#### Your assignment
Copy every record below exactly, leaving out any pictures.

======== Recorded information

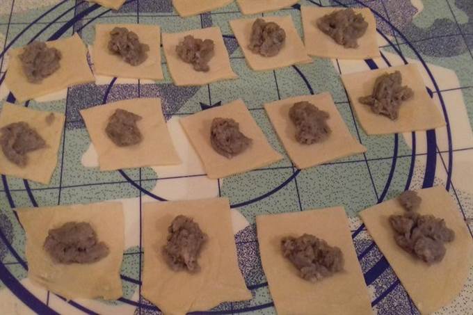 Раскатываем кусочек теста в пласт, режем его на квадраты (у меня размером около 5 см с каждой стороны). На каждый квадратик выкладываем по 1 чайной ложке начинки.
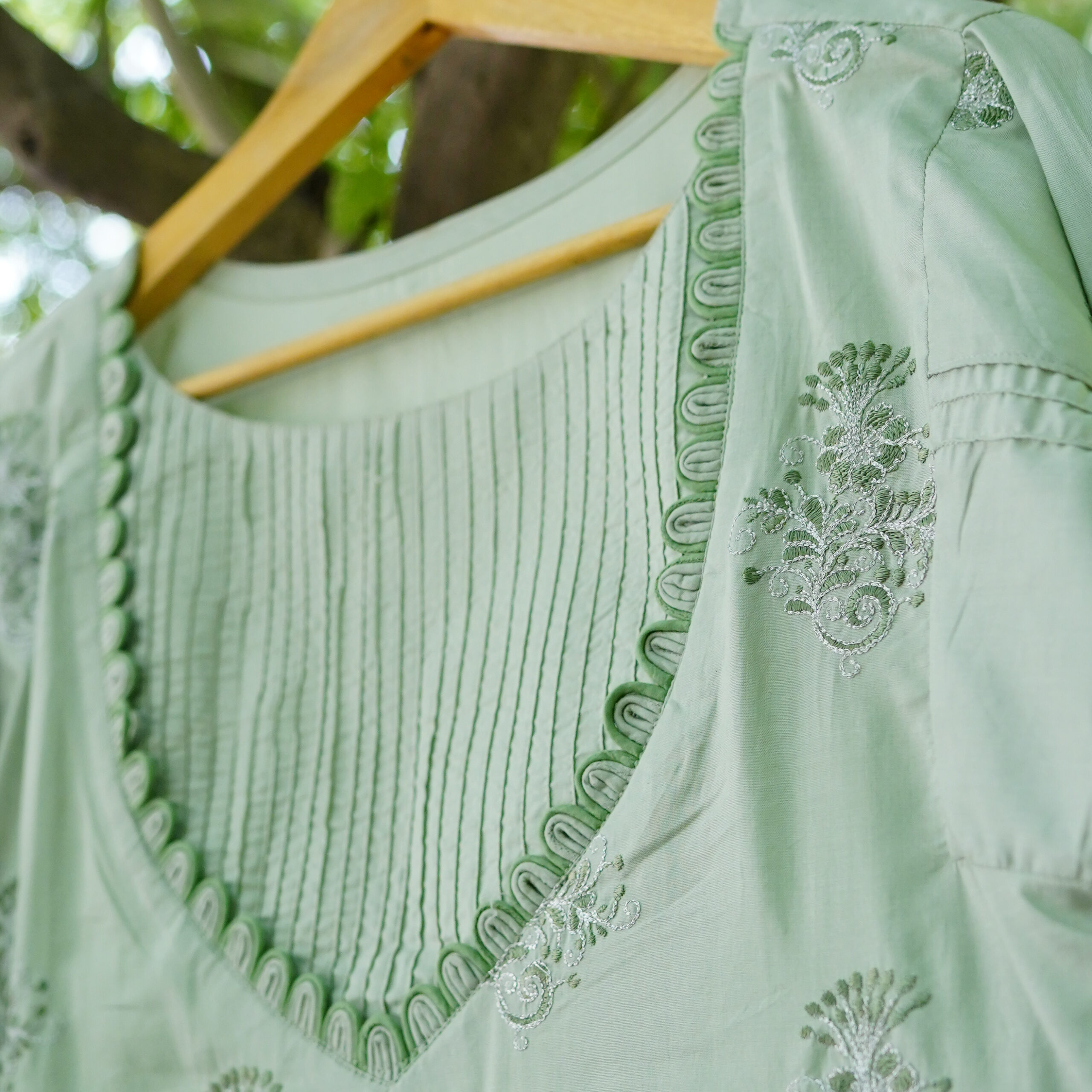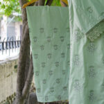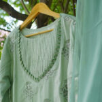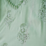 The matching plain lawn trouser ensures comfort without compromising style, making it versatile for both casual and semi-formal settings. To complete the look, a soft chiffon dupatta in a coordinating green shade adds flow and elegance, making this outfit effortlessly chic.
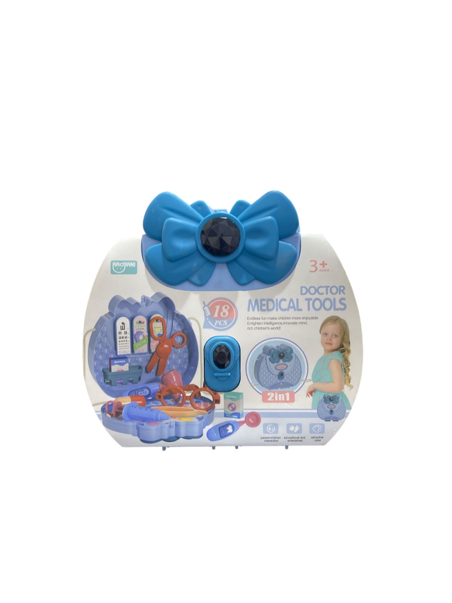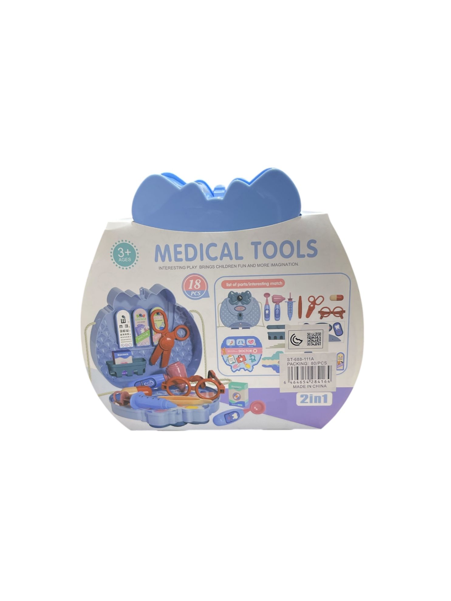 مخصصة للأطفال بعمر 3 سنوات فما فوق. تحتوي المجموعة على 18 قطعة، وتُعلن بأنها ". تظهر العبوة محتويات المجموعة التي تشمل أدوات طبية بلاستيكية متنوعة مثل مقص، نظارات، ميزان حرارة، وغيرها، بالإضافة إلى صندوق تخزين بلاستيكي أزرق.
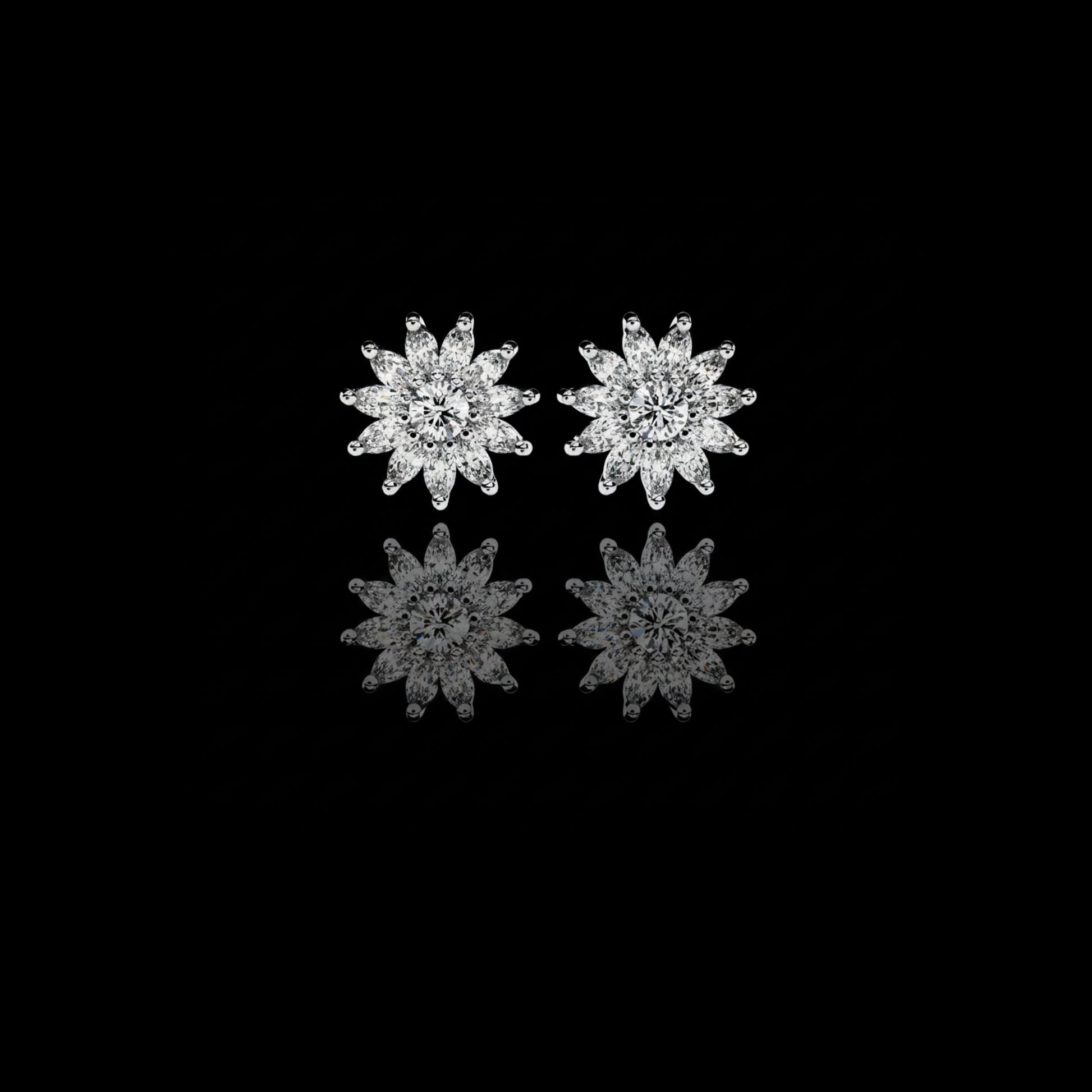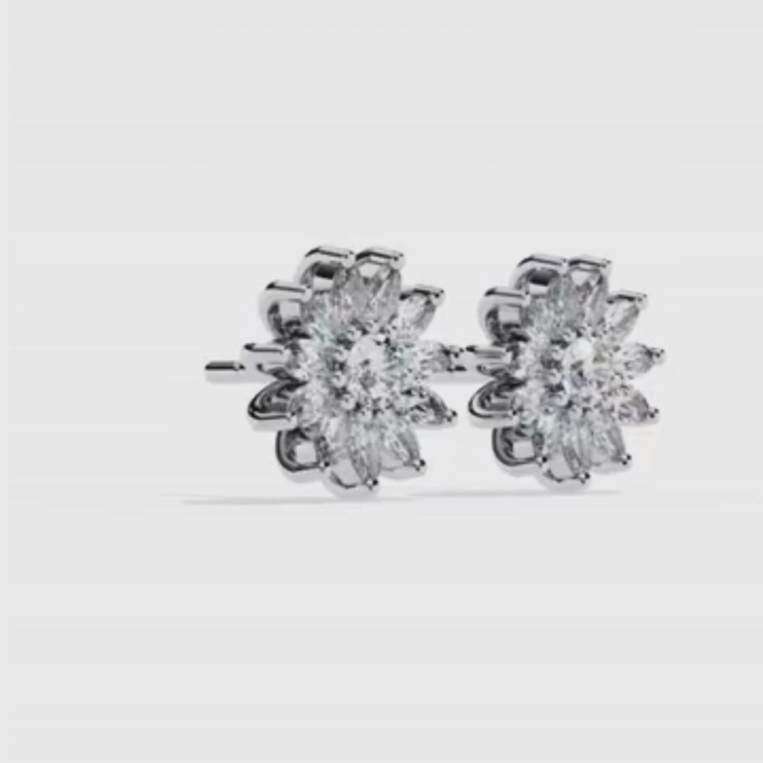 Radiant and timeless, the Floral Diamond Cluster Stud Earrings by Ivevar Luxury Jewels celebrate the harmony of nature’s beauty and exquisite craftsmanship. Each earring is masterfully handcrafted to form a breathtaking blossom silhouette, centered by a brilliant round-cut diamond surrounded by perfectly aligned marquise-cut petals that radiate with dazzling brilliance.
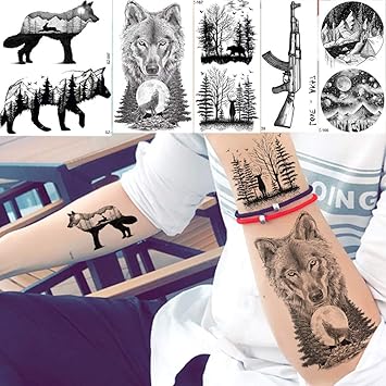 Hommes Mode Noir Tatouage Autocollants Petit Pic Loup Tatouage Temporaire Femmes Art Peinture Avant Bras Etanche Tatouages Lune 5 Pcs Amazon Fr Beaute Et Parfum

================

#### Response to this task
 Раскатываем кусочек теста в пласт, режем его на квадраты (у меня размером около 5 см с каждой стороны). На каждый квадратик выкладываем по 1 чайной ложке начинки.
 The matching plain lawn trouser ensures comfort without compromising style, making it versatile for both casual and semi-formal settings. To complete the look, a soft chiffon dupatta in a coordinating green shade adds flow and elegance, making this outfit effortlessly chic.
 مخصصة للأطفال بعمر 3 سنوات فما فوق. تحتوي المجموعة على 18 قطعة، وتُعلن بأنها ". تظهر العبوة محتويات المجموعة التي تشمل أدوات طبية بلاستيكية متنوعة مثل مقص، نظارات، ميزان حرارة، وغيرها، بالإضافة إلى صندوق تخزين بلاستيكي أزرق.
 Radiant and timeless, the Floral Diamond Cluster Stud Earrings by Ivevar Luxury Jewels celebrate the harmony of nature’s beauty and exquisite craftsmanship. Each earring is masterfully handcrafted to form a breathtaking blossom silhouette, centered by a brilliant round-cut diamond surrounded by perfectly aligned marquise-cut petals that radiate with dazzling brilliance.
 Hommes Mode Noir Tatouage Autocollants Petit Pic Loup Tatouage Temporaire Femmes Art Peinture Avant Bras Etanche Tatouages Lune 5 Pcs Amazon Fr Beaute Et Parfum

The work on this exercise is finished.